Supplied material =>
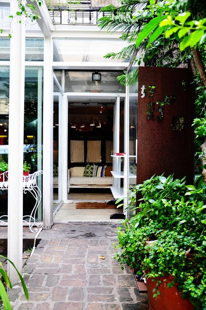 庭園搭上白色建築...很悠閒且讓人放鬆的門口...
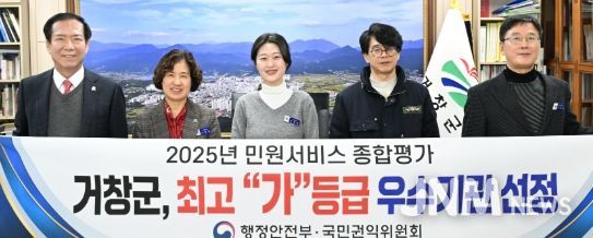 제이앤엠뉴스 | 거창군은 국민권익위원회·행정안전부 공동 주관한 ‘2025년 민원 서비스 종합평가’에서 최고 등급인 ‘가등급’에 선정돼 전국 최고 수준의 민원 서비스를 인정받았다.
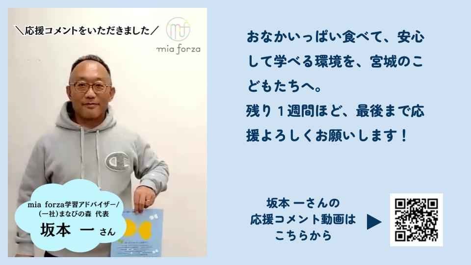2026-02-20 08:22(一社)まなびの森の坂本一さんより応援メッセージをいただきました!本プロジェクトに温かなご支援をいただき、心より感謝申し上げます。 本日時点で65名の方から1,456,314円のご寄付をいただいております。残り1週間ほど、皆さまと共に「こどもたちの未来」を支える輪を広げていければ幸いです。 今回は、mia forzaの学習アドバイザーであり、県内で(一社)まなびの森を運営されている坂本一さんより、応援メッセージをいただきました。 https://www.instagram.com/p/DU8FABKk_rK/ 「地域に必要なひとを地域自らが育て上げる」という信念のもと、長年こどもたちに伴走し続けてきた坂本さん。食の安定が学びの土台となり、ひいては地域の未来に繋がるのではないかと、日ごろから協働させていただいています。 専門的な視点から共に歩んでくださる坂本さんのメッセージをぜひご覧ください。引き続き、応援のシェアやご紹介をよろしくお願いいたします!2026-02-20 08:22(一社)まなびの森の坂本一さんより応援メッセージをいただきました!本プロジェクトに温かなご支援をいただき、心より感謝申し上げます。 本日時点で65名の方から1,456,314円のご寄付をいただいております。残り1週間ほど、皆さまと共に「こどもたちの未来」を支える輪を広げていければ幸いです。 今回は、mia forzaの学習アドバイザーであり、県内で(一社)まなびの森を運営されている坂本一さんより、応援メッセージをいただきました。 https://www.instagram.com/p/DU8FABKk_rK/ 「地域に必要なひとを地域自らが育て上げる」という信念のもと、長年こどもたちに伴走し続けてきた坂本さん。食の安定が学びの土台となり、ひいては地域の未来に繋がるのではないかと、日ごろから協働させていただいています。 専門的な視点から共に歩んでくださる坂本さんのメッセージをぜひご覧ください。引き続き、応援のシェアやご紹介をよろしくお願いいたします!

--

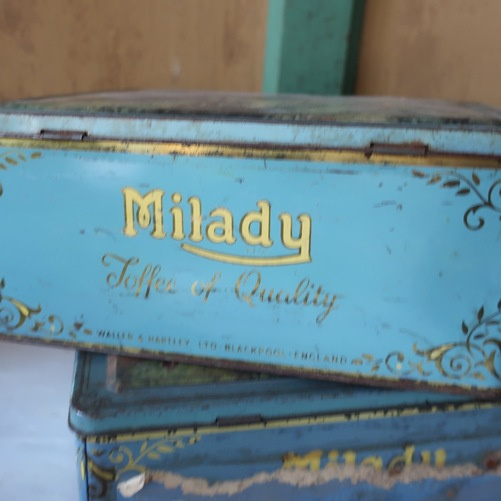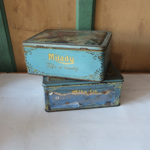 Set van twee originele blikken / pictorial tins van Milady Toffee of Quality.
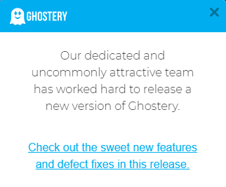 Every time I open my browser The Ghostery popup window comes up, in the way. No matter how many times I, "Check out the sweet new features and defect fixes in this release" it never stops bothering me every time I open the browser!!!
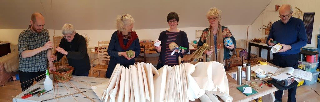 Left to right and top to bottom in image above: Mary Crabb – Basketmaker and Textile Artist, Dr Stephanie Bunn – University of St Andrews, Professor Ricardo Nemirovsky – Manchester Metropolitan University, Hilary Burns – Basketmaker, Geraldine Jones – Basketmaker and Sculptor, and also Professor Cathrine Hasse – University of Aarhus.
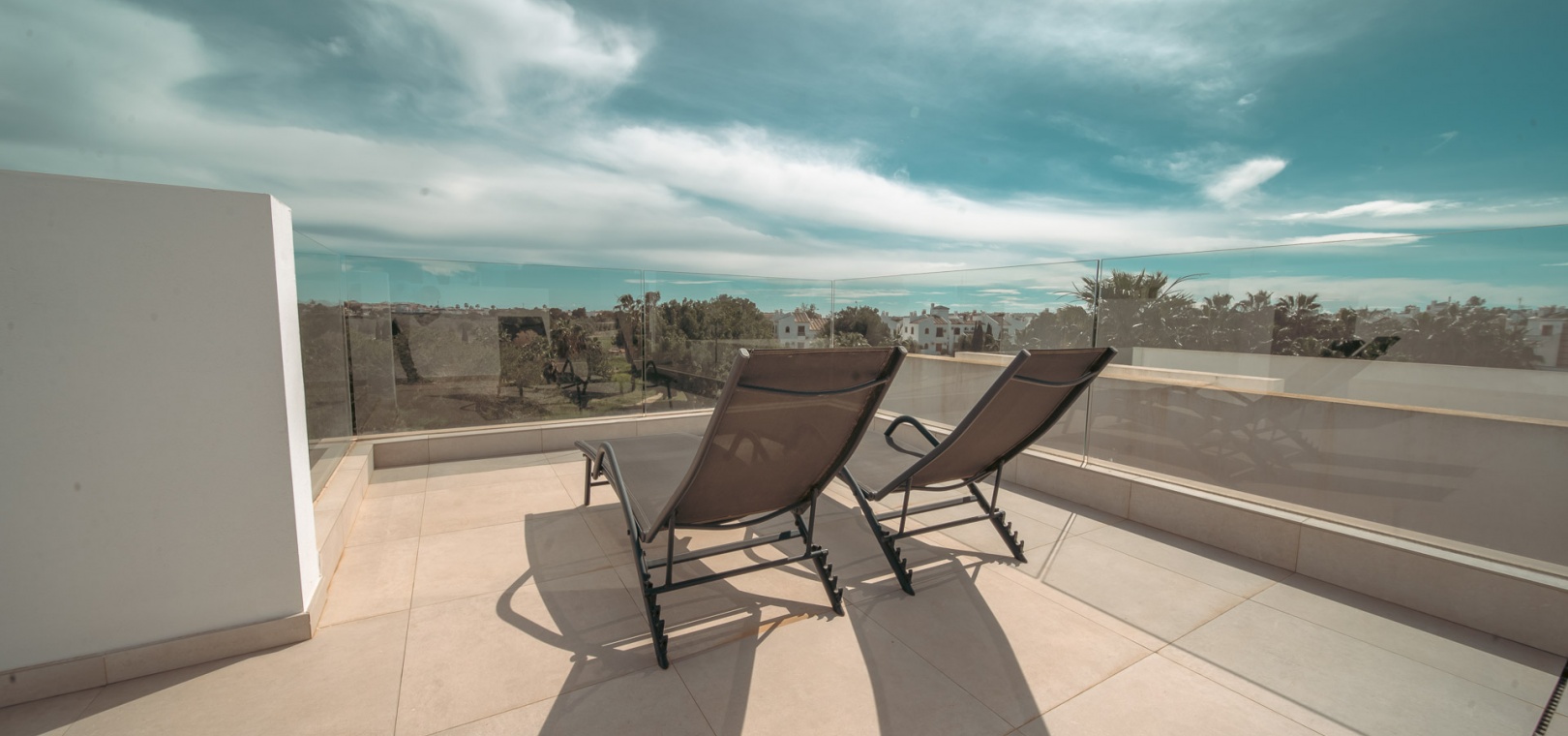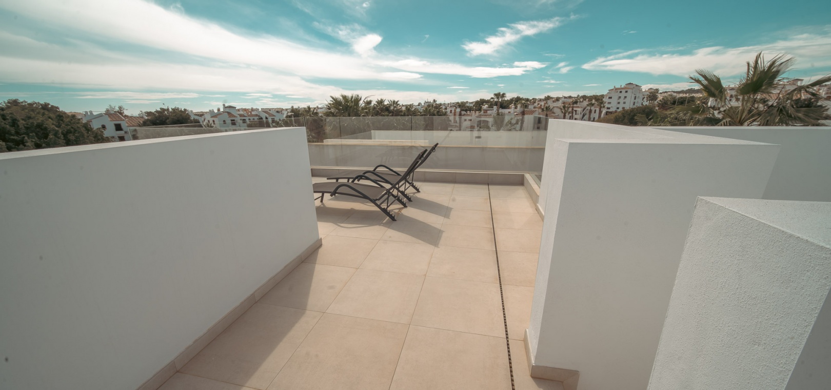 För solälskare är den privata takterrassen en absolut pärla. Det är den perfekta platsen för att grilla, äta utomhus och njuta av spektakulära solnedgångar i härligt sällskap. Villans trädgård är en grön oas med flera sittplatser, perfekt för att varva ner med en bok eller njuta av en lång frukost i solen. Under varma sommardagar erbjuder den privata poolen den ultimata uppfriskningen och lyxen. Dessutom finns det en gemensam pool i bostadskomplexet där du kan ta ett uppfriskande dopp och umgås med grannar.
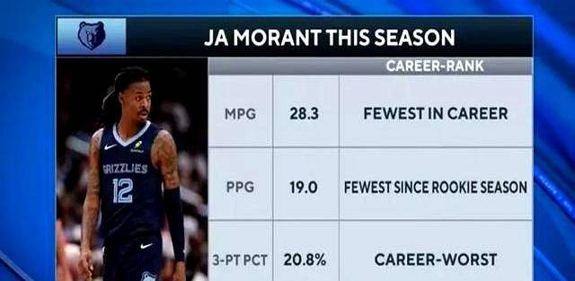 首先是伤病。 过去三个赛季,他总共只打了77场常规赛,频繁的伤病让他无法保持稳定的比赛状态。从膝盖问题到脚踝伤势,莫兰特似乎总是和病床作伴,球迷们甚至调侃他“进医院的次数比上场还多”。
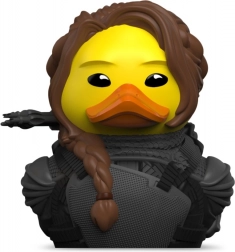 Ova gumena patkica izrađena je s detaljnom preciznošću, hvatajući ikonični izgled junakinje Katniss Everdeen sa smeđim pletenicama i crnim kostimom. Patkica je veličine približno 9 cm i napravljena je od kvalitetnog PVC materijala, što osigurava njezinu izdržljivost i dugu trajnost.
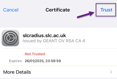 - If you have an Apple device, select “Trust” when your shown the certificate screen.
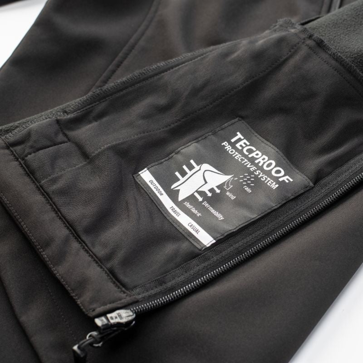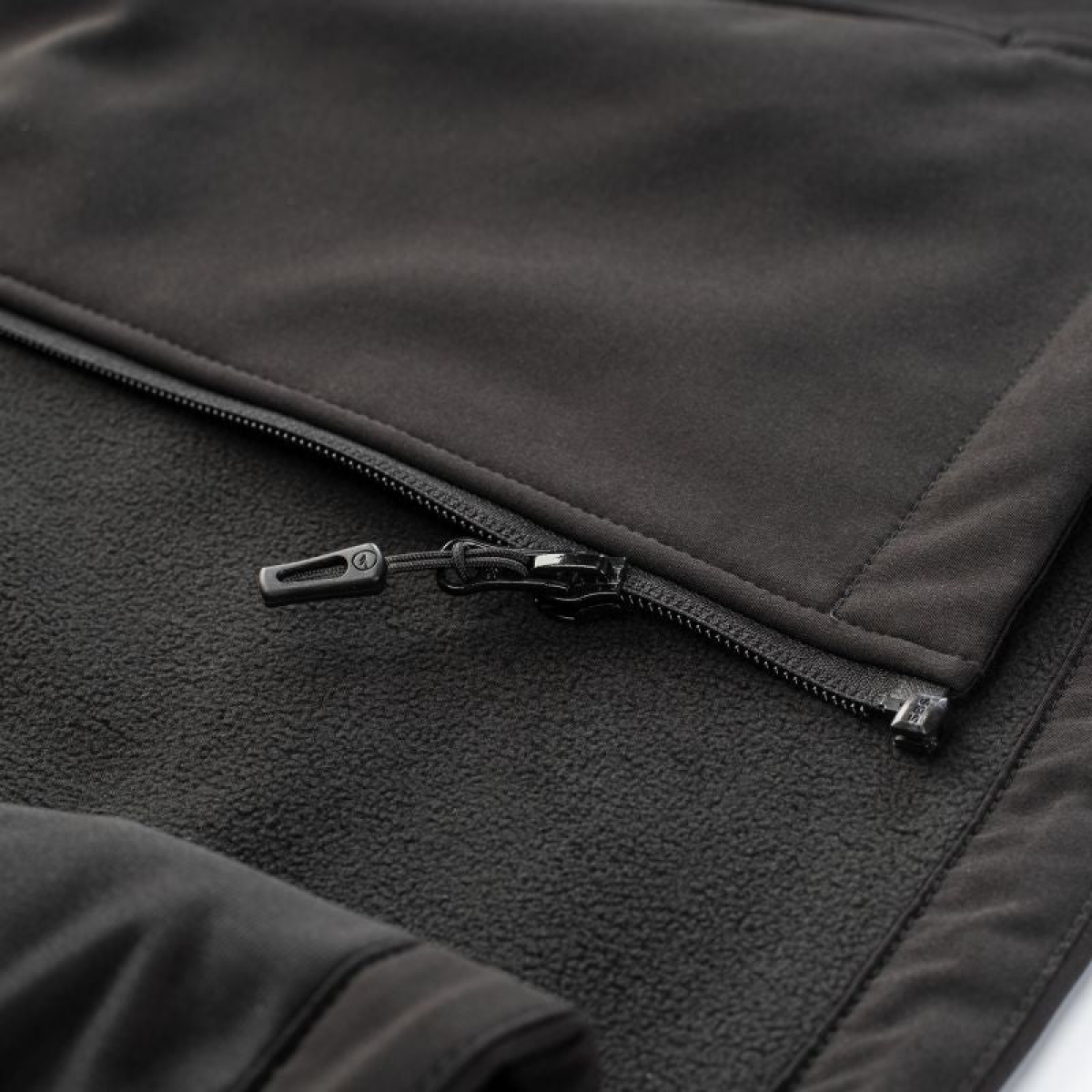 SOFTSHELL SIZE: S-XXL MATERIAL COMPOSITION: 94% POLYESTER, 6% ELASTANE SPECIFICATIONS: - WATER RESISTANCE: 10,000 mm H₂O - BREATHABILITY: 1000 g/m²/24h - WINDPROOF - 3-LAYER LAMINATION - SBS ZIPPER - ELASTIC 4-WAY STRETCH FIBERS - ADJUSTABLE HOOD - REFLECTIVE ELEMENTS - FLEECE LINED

--

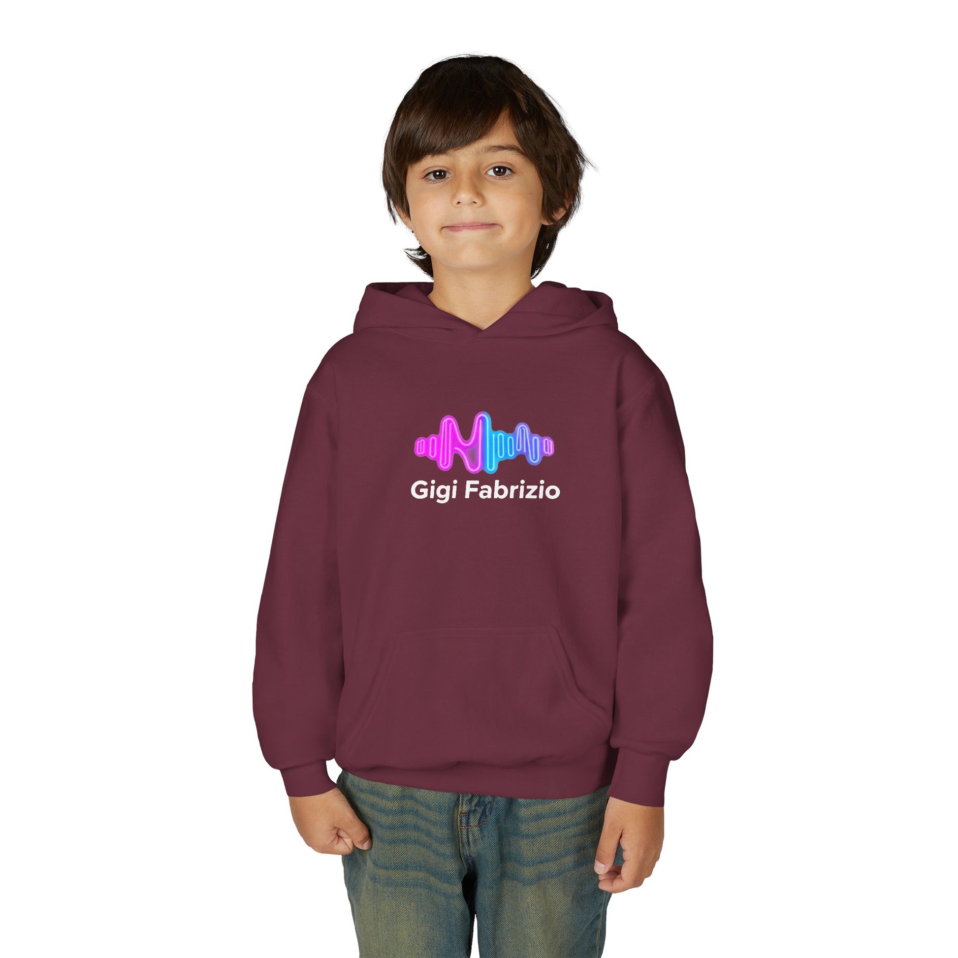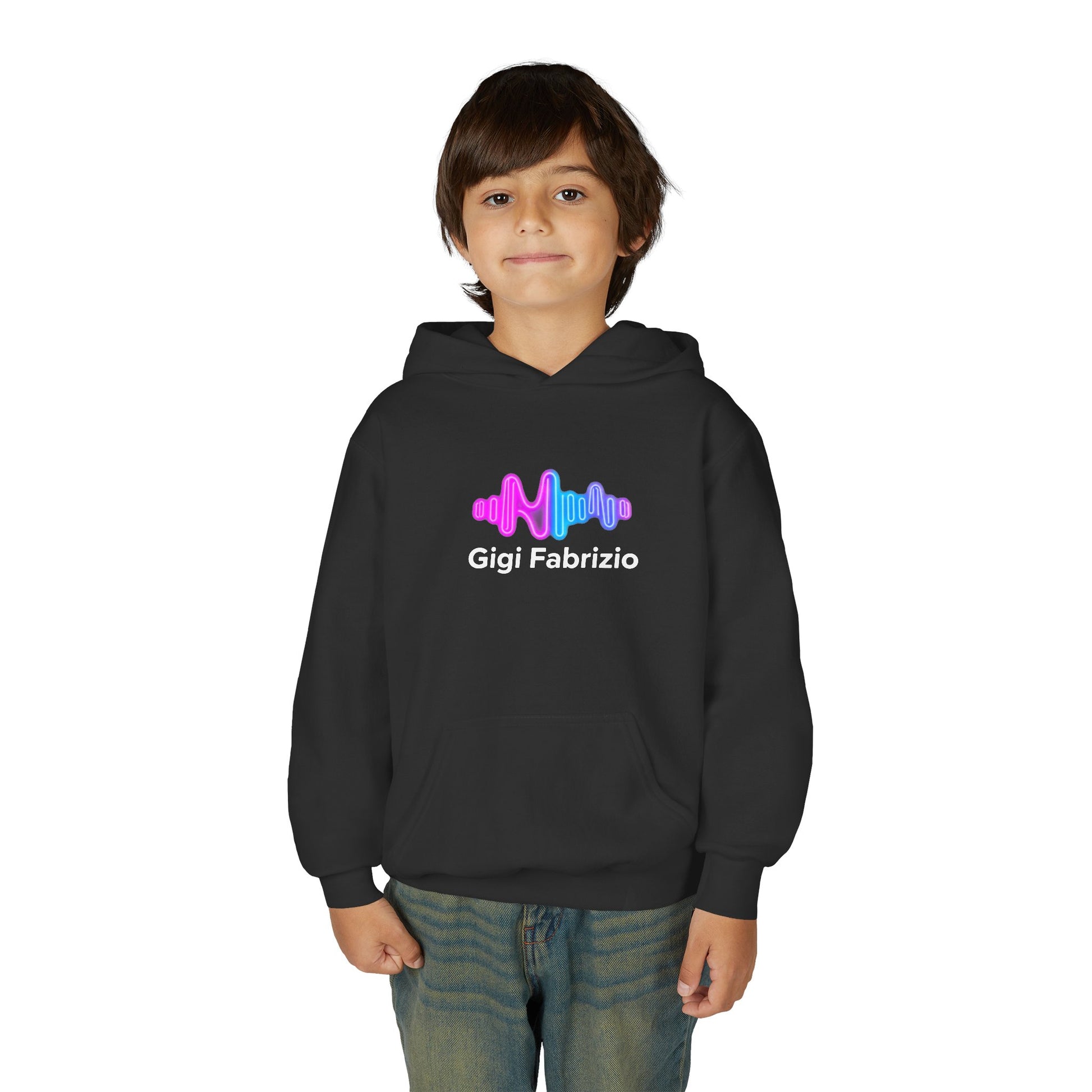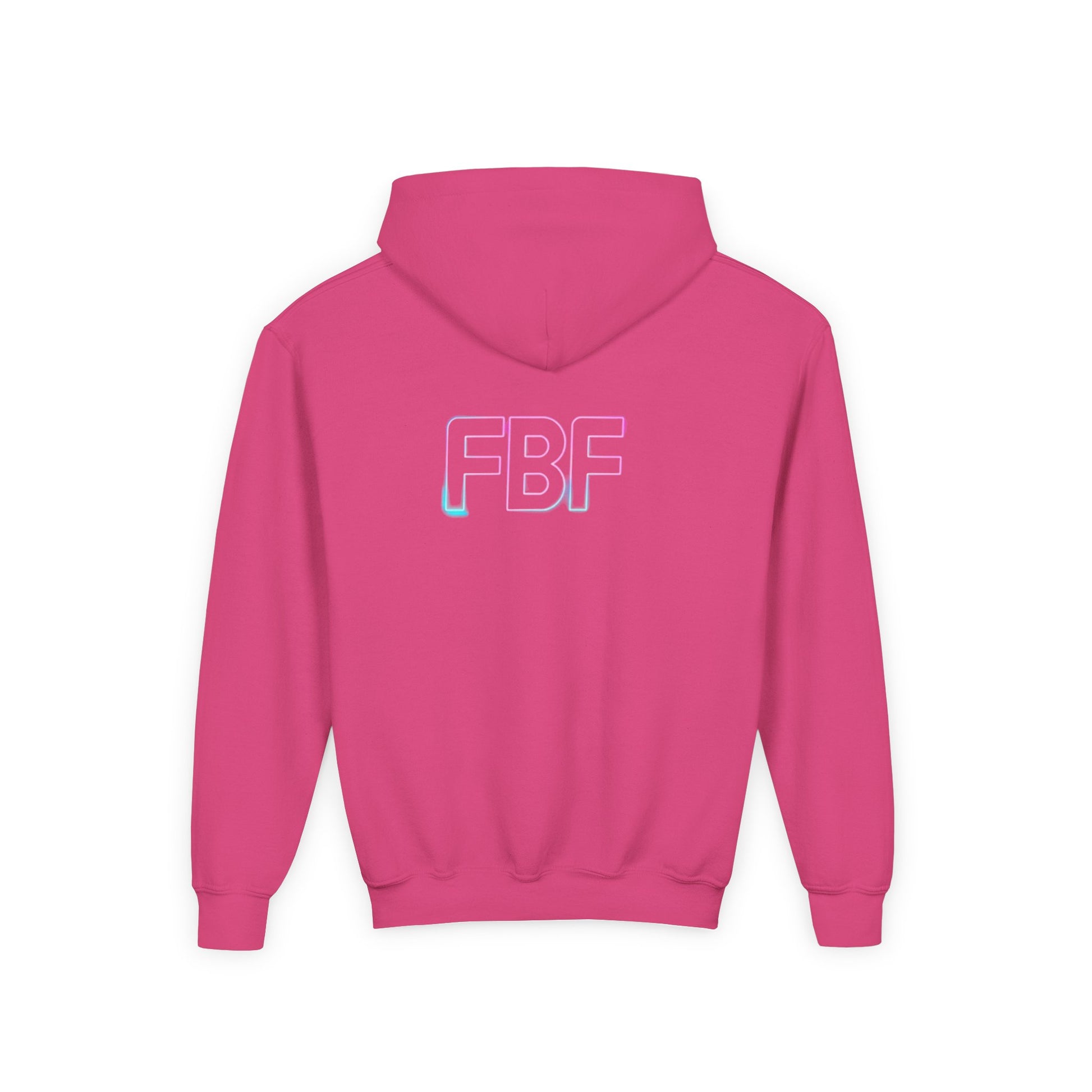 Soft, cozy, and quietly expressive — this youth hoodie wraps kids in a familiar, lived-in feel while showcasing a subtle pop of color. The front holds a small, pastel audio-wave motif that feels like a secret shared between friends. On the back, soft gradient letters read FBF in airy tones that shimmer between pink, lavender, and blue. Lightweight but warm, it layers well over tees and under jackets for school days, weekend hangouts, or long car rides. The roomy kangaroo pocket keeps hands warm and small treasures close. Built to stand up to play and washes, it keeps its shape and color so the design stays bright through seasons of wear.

Activity => Using the entries above, repeat exactly the lines from the one with "- If you have" to the one with "SOFTSHELL SIZE: S-XXL", both included, and leave the pictures behind.

Solution for this problem =>
 - If you have an Apple device, select “Trust” when your shown the certificate screen.
 SOFTSHELL SIZE: S-XXL MATERIAL COMPOSITION: 94% POLYESTER, 6% ELASTANE SPECIFICATIONS: - WATER RESISTANCE: 10,000 mm H₂O - BREATHABILITY: 1000 g/m²/24h - WINDPROOF - 3-LAYER LAMINATION - SBS ZIPPER - ELASTIC 4-WAY STRETCH FIBERS - ADJUSTABLE HOOD - REFLECTIVE ELEMENTS - FLEECE LINED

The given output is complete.